Змей - Валерий Сертаков
Шрифт:
Интервал:
Закладка:
В одном из московских жилых зданий, принадлежащих Министерству обороны, войти в которые можно было лишь через ворота со шлагбаумом, в подъезде с круглосуточным вахтером, на третьем этаже имелась железная дверь. За ней — следующая, с кодовым замком. Внутри, в квартире, в ящике серванта покоился антикварный клеенчатый чемодан с металлическими уголками. На самом дне обклеенного кинозвездами чемодана, в пакете, лежали две коробочки с орденами. Орденами, которые он никогда не наденет.
До прошлой недели Молин не слышал и малейших скрипов в отлично смазанных шестернях Конторы. Очевидно, он не прислушивался. Кого-то там Дума финансировала по остаточному принципу — учителей, библиотекарей. Контору Дума не финансировала никак, но шестерни исправно крутились. Он поймал себя на забавной мысли. Впервые он задумался о стране, не о государстве, а о людях в целом, находясь там . И там же впервые в жизни произнес патетические громкие фразы. Ну конечно! Все происходило ведь почти понарошку, как в сказке…
Упрекнуть себя не в чем, он не вступил в ряды отщепенцев; по сути, он и в будущем не прерывал службы. Как могло произойти, что, вернувшись, он скатился на дорогу измены? Причем выбор отсутствует. Либо он не летит ни в какой Дагомыс, а ставит к стенке ни в чем не повинного Антона Зинулю, которому уготовано через двадцать лет изобрести зачаток первого маточного биохарда, но который каким-то боком связан с Конторой…
…Черт, вот оно! Железная тетрадь доказывает, что будущий профессор уже благополучно дожил до своего открытия… а Молину уготованы разжалование и тюрьма… в лучшем случае. Или капитан забывает о глупостях, крутит дырки в погонах, и бесперспективный опыт приведет через четыреста лет к катастрофе. Кроме того, там Жанна. Или не кроме того, а в первую очередь. Здесь у него никого нет, а там хоть кто-то близкий. Парадокс…
Выбора нет, но выбор делать надо. Вход там, где выход.
Ему очень не хотелось вновь обращаться к Любановскому, да еще в субботу, но иных вариантов не оставалось.
На базе, под нарочитым вниманием Старшего, он написал подробный отчет. Сдавая в дежурке пропуск, оглянулся. Вукич стоял в коридоре, глядел вслед. На долю секунды у Молина возникло желание вернуться, схватить усатого за грудки или налить ему коньяка и вытрясти наконец, что же происходит.
Но Вукич тут же отвернулся и захлопнул дверь.
Потом Макс дважды звонил из двух разных будок, прикрывая рот ладонью, и спустя два часа стоял перед нужным подъездом.
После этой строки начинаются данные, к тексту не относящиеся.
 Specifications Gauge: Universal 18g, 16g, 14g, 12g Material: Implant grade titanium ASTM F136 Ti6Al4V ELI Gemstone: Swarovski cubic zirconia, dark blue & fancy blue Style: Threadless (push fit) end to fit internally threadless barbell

Третий звонок он сделал из автомастерской напротив. На одиннадцатом этаже в квартире сняли трубку, и мужской голос дважды весело произнес «Алло!».
Зинуля был прописан с матерью и младшим братом, но проверять, дома ли родственники, у Молина не было времени. Он потолкался у бронированной двери подъезда, вскоре вышла старушка с пуделем, и Макс поднялся наверх.
— Кто там?
— Сослуживец Игоря Григорьевича. Ему отворили дверь. Антон, высокий, немного сутулый, уже подсадивший зрение, в сильных очках, и его мать, на две головы ниже, в кудряшках и расписном халате.
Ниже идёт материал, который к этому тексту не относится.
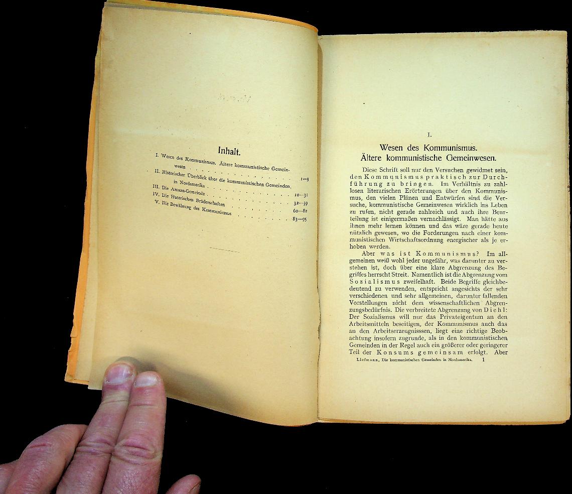 Liefmann, R: 1922 Jena, softcover 95 pages. Die Kommunistischen Gemeinden in Nordamerika by Liefmann is a historical study of 19th‑ and early 20th‑century communist and communal settlements in North America, such as religious and secular utopian communities. The author analyses their ideological foundations, economic organisation and social life, and discusses why some communities survived while others dissolved, positioning them within broader debates on socialism and communal experiments. In very good condition. German condition

— Пройдемся, — предложил Молин.
Зинуля не удивился, отправился за свитером. Видимо, его уже посещали .
— Мы можем сейчас проехать с вами в институт? — спросил Молин во дворе. Он сам точно не знал, как поступит, если парень откажется.
— Можем… — удивился тот. — Только там на сигнализации все. Придется упрашивать охрану, чтобы позвонили на пульт. А что вы хотите?..
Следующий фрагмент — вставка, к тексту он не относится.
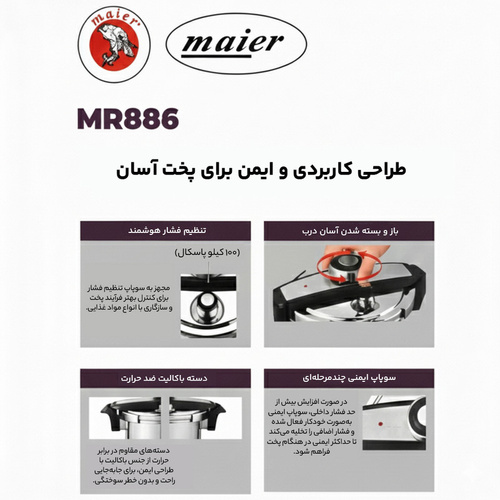 زودپز دوقلو مایر مدل MR886 با گنجایشهای 6 و 8 لیتر ترکیبی از طراحی هوشمندانه، ایمنی بالا و عملکرد حرفهای است. این محصول از استیل ضدزنگ با کیفیت بالا 18/10 ساخته شده که علاوه بر دوام طولانی، مقاومت در برابر زنگزدگی و سهولت در شستوشو را تضمین میکند. طراحی خاص این زودپز امکان استفاده روی انواع اجاقها از جمله گازی، برقی و القایی (Induction) را فراهم میکند و با پخت سریعتر غذا، طعم و ارزش غذایی مواد را حفظ و تقویت میکند. سیستم فشار و ایمنی این مدل به گونهای طراحی شده که پخت ایمن و مطمئن را تضمین میکند. سوپاپ تنظیم فشار قابل انتخاب به شما امکان میدهد متناسب با نوع مواد غذایی و روش پخت، فشار داخلی را کنترل کنید. همچنین سوپاپ ایمنی هوشمند بهطور خودکار در صورت رسیدن فشار داخلی به حد مجاز فعال میشود و از باز شدن ناگهانی درب جلوگیری میکند. پس از پایان فرآیند پخت و تخلیه کامل فشار، امکان باز کردن درب بهراحتی فراهم میشود. دستههای باکالیت ضد حرارت این زودپز تجربهای راحت و ایمن از جابهجایی و سرو غذا فراهم میکنند. محافظ شعله استیل موجود در طراحی آن باعث افزایش دوام و ایمنی در حین استفاده میشود. برای اطمینان از عملکرد صحیح سیستم ایمنی، نگهداری و تمیز کردن منظم سوپاپ اهمیت ویژهای دارد. با توجه به گنجایشهای 6 و 8 لیتری، زودپز دوقلو مایر MR886 برای خانوادههای کوچک و بزرگ مناسب بوده و امکان پخت همزمان حجمهای متفاوت غذا را فراهم میکند، بدون آنکه طعم یا کیفیت کاهش یابد. این محصول ترکیبی از ایمنی، راحتی و کیفیت بالا است که تجربه پختی سریع، سالم و لذیذ را به کاربران ارائه میدهد.

— Вы любите дочку Игоря Григорьевича? — перебил Молин.
Лицо аспиранта вытянулось. Он медленно снял очки и, хлопая пшеничными ресницами, уставился на собеседника:
— Вы пришли меня шантажировать?
— Да.
— Достойный ответ! — Зинуля нервозно хихикнул и огляделся по сторонам.
Рядом никого не было, они стояли на узкой грязной дорожке среди заснеженных газонов. За строем одинаковых многоэтажек на проспекте проносились редкие автомобили. Облезлый пес тащил из помойки рваный полиэтиленовый пакет.
— Не знаю, чем вы собираетесь меня пугать, но приплетать Любу — большая ошибка. Я даже не стану разговаривать.
Тем не менее Зинуля не сделал и шагу, чтобы уйти. Макс обрадовался: кажется, он нащупал верную тональность.
— Мы и не собирались ее приплетать, если бы нас не вынудили. Скажу больше, вы сможете спокойно жить с женой и продолжать научную работу, если добровольно пойдете навстречу…
— Вы из органов?
— Служба внутренней безопасности заведения, где трудится — пока что — ваш тесть. К вашему несчастью, в отличие от тех «органов», что вы подразумеваете, мы не скованы никакими юридическими нормами. Передо мной поставлена задача, и она будет выполнена.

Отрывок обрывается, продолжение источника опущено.